The Scripture says that third time of being asked if he loved Jesus, it “grieved” him.
And I could only imagine the pain of having to face that sin in front of the one he had betrayed.
Until we deal with our sin, it sits in our hearts and eats at us like a disease.
It keeps us from growing and causes us to stumble.
It steals our joy, and it keeps us from being used by God, and because God loves us too much to let sin remain, He brings it to the surface.
He operates on us like a Great Physician through His Word or through a sermon, or through another person and exposes our sin for what it is and calls us to face it, and to walk away from it.
1 Timothy 1:12–13 (NAS): I thank Christ Jesus our Lord, who has strengthened me, because He considered me faithful, putting me into service, even though I was formerly a blasphemer and a persecutor and a violent aggressor.
Yet I was shown mercy because I acted ignorantly in unbelief.
Having a past history of sin does not disqualify us.
Once being someone we are not proud of does not keep God from using us.
It is when we choose to not deal with the sin that Jesus has brought tot the surface that keeps us from being used by God.
I read a quote in a book not too long agin that I would like to share with you.
He said this, “God can use a bent spoon, a crooked spoon, or even a twisted spoon, but he cannot use a dirty spoon”
Our love of Jesus is demonstrated by how we serve one another, not by our words
Explanation
I want you to notice how Jesus never tells Peter to repent.
In fact, the word repent is never used in the gospel of John.
But this deal with Peter is exactly what is happening.
2 Cor 7:10 “For the sorrow that is according to the will of God produces a repentance without regret, leading to salvation, but the sorrow of the world produces death.”
And I think that is exactly what Peter is doing here.
He is grieved over his sin and Jesus restores him.
Not by scolding him, but by commissioning him.
Jesus doesn’t question Peter’s love, but tells Peter how he can demonstrate his love to Jesus.
He tells Peter, “Feed My lambs, Shepherd My sheep, Tend My sheep”.
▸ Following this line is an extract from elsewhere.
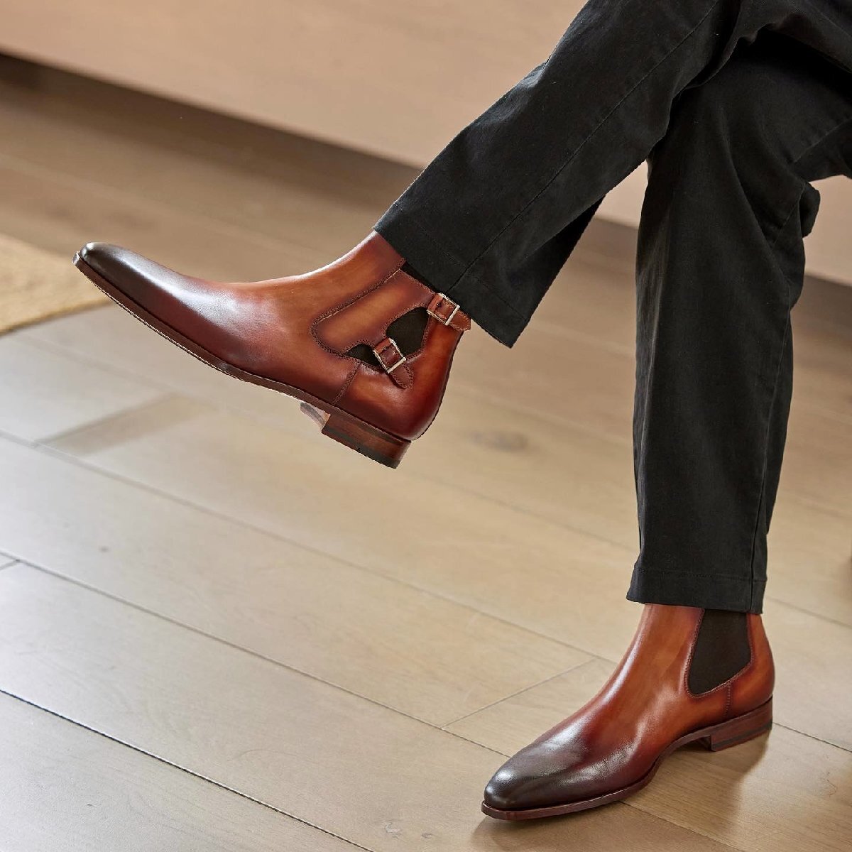 大人の色気あるデザインと芸術的グラデーション!【 MAGNANNI / マグナーニ (西 】ダブルモンク型 ロングノーズ サイドゴアブーツ

Instead of saying Peter, your word is good enough.
you can trust in your own words of love towards me.
Jesus says, here is how you can show me love!
Bridge
Love is never demonstrated by words alone, but always followed through with action.
And even more specifically in this context, by how we serve one another.
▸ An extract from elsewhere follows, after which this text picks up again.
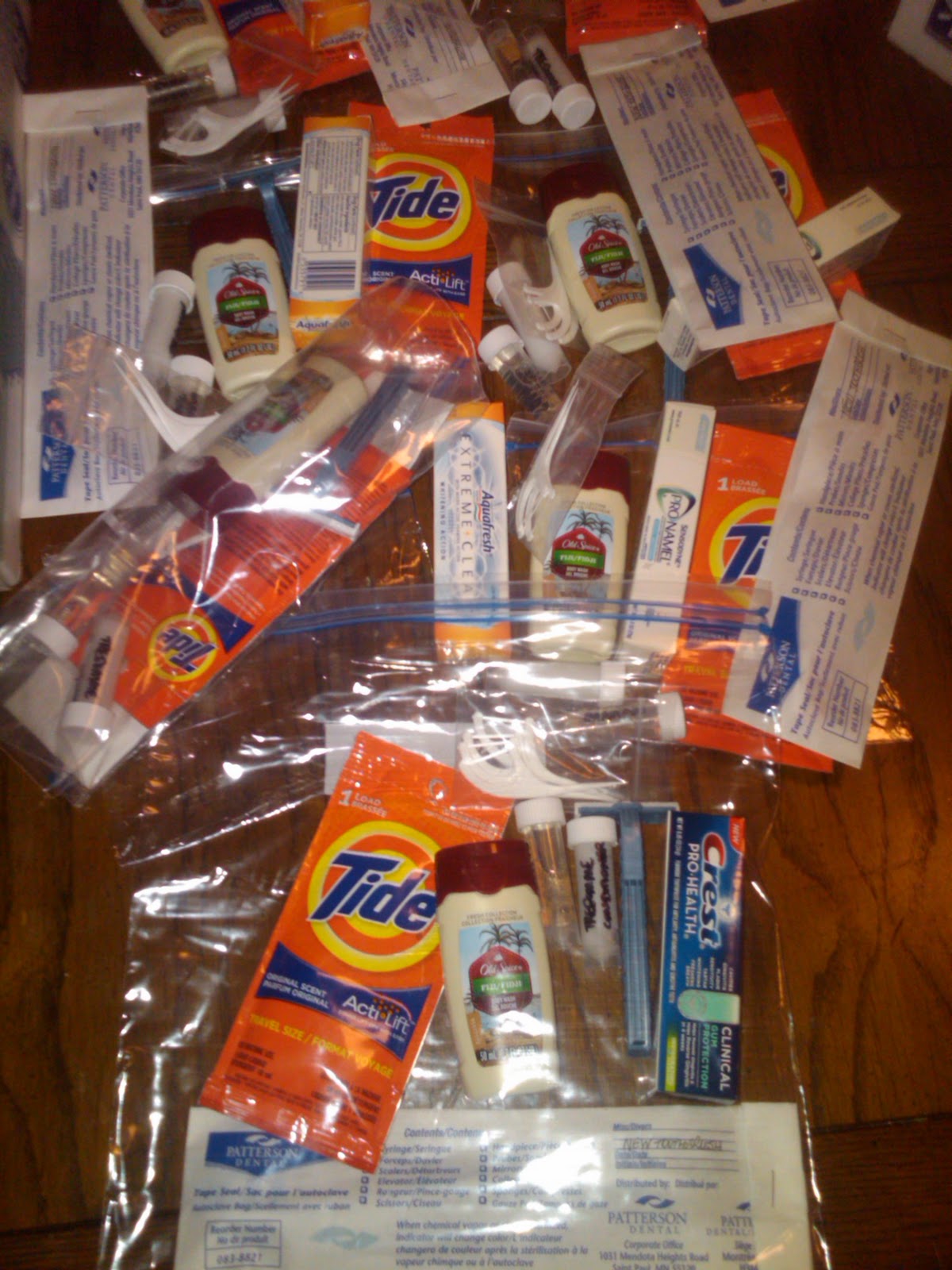 I have so much extra freebies that I have put together a few toiletry "care" bags

Peter was not just called to serve Jesus, but to serve the Jesus’ people.
And every believer’s called to this same service.
Jesus washes the disciples feet
When Jesus washed the disciple’s feet in the upper room, they did not understand what was going on.
Jesus was doing what a servant should have been doing.
This is why Peter said to Jesus, “you will not wash my feet!”.
And then Jesus said, no servant is above his master.
In other words, what he has done, we must also be doing.
It is our calling church members to serve one another.